Task brief:
Transcribe only the part of the material below that begins at the line containing "3PCS Hexagonal Handle" and ends at the line containing "在科技感十足的天津港展臺(t", with both kept and images left out.

Stored data:
------------------------------------------------------------

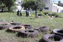 Ребята тимуровских отрядов в количестве 35 человек, выходили на уборку в сквер «Аллея сказок». Во дворе дома Зяб 17/24.
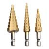 3PCS Hexagonal Handle Stepped Drill Bit Spiral Drill Bit Steel Plate Tapper Tool Set
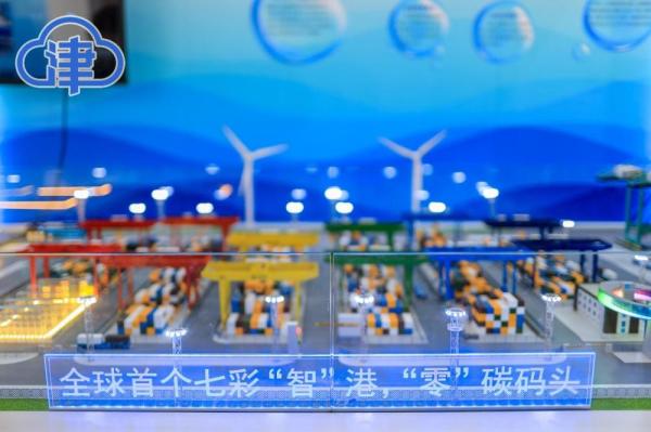 在科技感十足的天津港展臺(tái)前,天津港c段智能集裝箱碼頭的全景沙盤吸引了大家的目光?!斑@是全球首個(gè)‘智慧零碳’碼頭,標(biāo)志著天津港集團(tuán)努力打造世界一流的智慧港口、綠色港口有了最新重大成果,將以全新模式引領(lǐng)世界港口智能化升級(jí)和低碳發(fā)展?!碧旖蚋奂瘓F(tuán)展區(qū)工作人員高曉坤告訴記者。
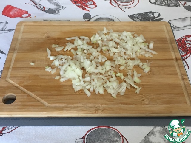 Мелко нарезаем лук.

------------------------------------------------------------

Answer to the problem:
 3PCS Hexagonal Handle Stepped Drill Bit Spiral Drill Bit Steel Plate Tapper Tool Set
 在科技感十足的天津港展臺(tái)前,天津港c段智能集裝箱碼頭的全景沙盤吸引了大家的目光?!斑@是全球首個(gè)‘智慧零碳’碼頭,標(biāo)志著天津港集團(tuán)努力打造世界一流的智慧港口、綠色港口有了最新重大成果,將以全新模式引領(lǐng)世界港口智能化升級(jí)和低碳發(fā)展?!碧旖蚋奂瘓F(tuán)展區(qū)工作人員高曉坤告訴記者。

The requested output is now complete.